## Instructions to follow
Take the line that contains "Red clay. | |" and every line below it to the end of the entries, and give them again exactly, leaving out any pictures.

## Data for the task
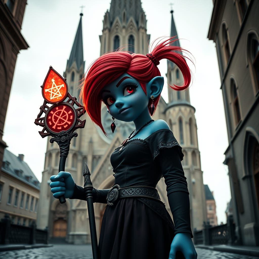 This image shows a teenage Smurfette rebel with red hair and gothic attire standing before a cathedral. She holds a glowing staff in a gritty dark fantasy aesthetic with cinematic lighting.
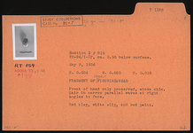 | Description: | Front of head only preserved, above chin. Hair in narrow parallel waves at right angles to face. Red paint. White slip. Red clay. | |
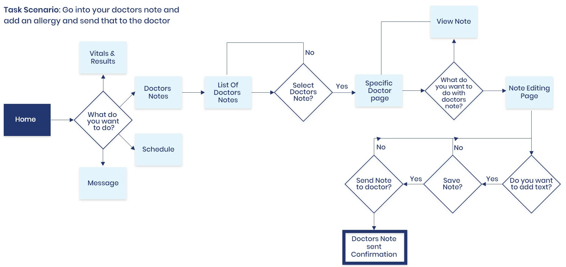 I learned that my users were struggling with some of the button labels, so I went back and revised the sitemap to rename a few of the buttons for clarity. Users were confused with what “Progress” was referring to so “Progress” was changed to “Vitals & Results”. The “Message” button was kept, but a “Doctors’ Notes” button was added so patients could easily find the doctor’s note.
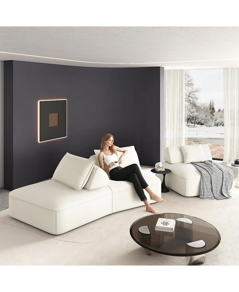 Modern oversized modular sectional sofa. Fluffy chenille fabric, deep seating, removable backrests. No assembly required!
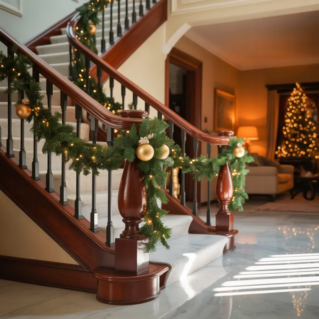 Got stairs in your hallway? Lucky you—you’ve got a built-in Christmas light showcase waiting to happen! Warm white LED strips under the handrail or along the stairs create this incredibly cozy, sophisticated vibe.
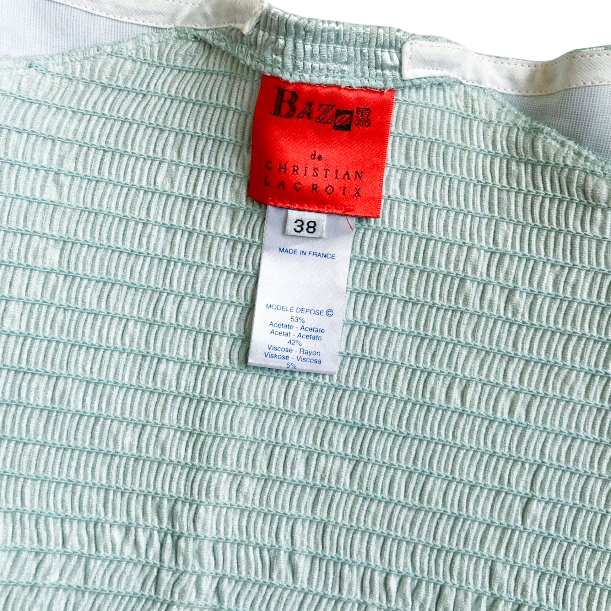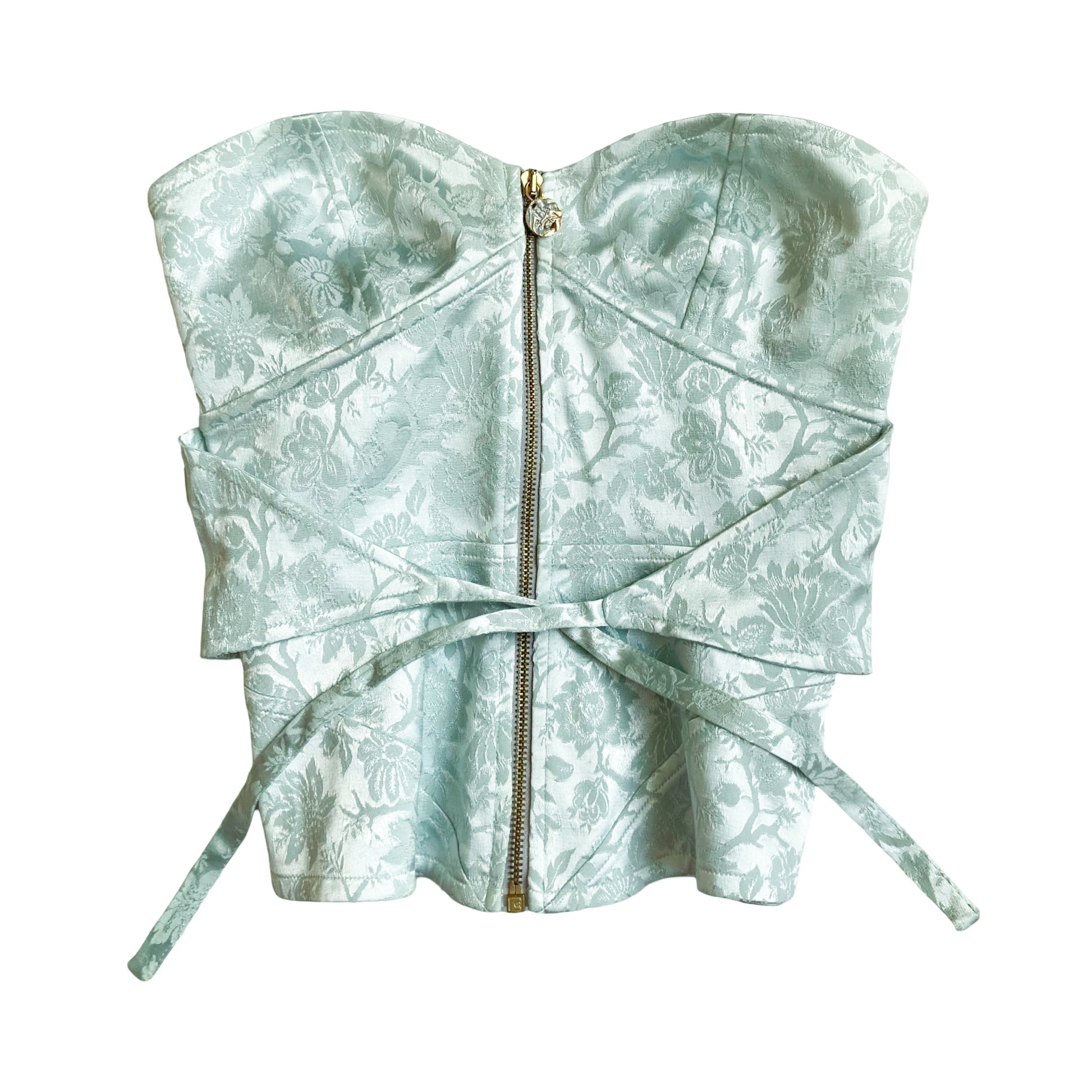 A stunning boned brocarde bustier in aqua-green floral patterns. It features a front zip closure adorned with a signature Lacroix emblem pull. The structured design includes a sweetheart neckline, while the back has a tie detail that can be styled as a bow or left draping elegantly. The back is also gathered with stretch. A true vintage grail ! Very hard to come by!
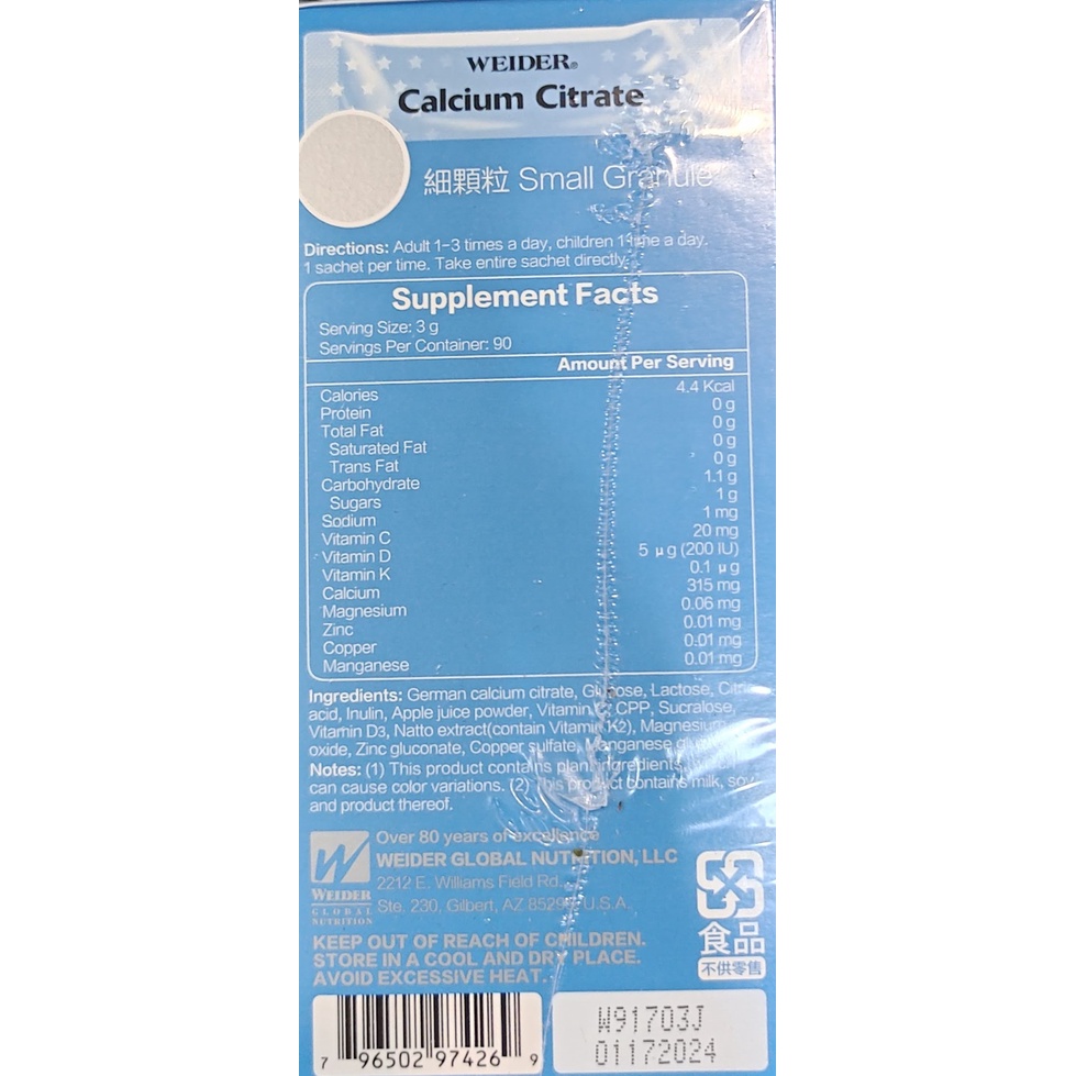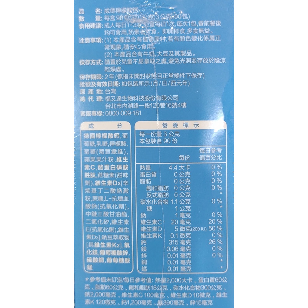 好市多代購-威德檸檬酸鈣每包3克共90包

## Solution to this task
 | Description: | Front of head only preserved, above chin. Hair in narrow parallel waves at right angles to face. Red paint. White slip. Red clay. | |
 I learned that my users were struggling with some of the button labels, so I went back and revised the sitemap to rename a few of the buttons for clarity. Users were confused with what “Progress” was referring to so “Progress” was changed to “Vitals & Results”. The “Message” button was kept, but a “Doctors’ Notes” button was added so patients could easily find the doctor’s note.
 Modern oversized modular sectional sofa. Fluffy chenille fabric, deep seating, removable backrests. No assembly required!
 Got stairs in your hallway? Lucky you—you’ve got a built-in Christmas light showcase waiting to happen! Warm white LED strips under the handrail or along the stairs create this incredibly cozy, sophisticated vibe.
 A stunning boned brocarde bustier in aqua-green floral patterns. It features a front zip closure adorned with a signature Lacroix emblem pull. The structured design includes a sweetheart neckline, while the back has a tie detail that can be styled as a bow or left draping elegantly. The back is also gathered with stretch. A true vintage grail ! Very hard to come by!
 好市多代購-威德檸檬酸鈣每包3克共90包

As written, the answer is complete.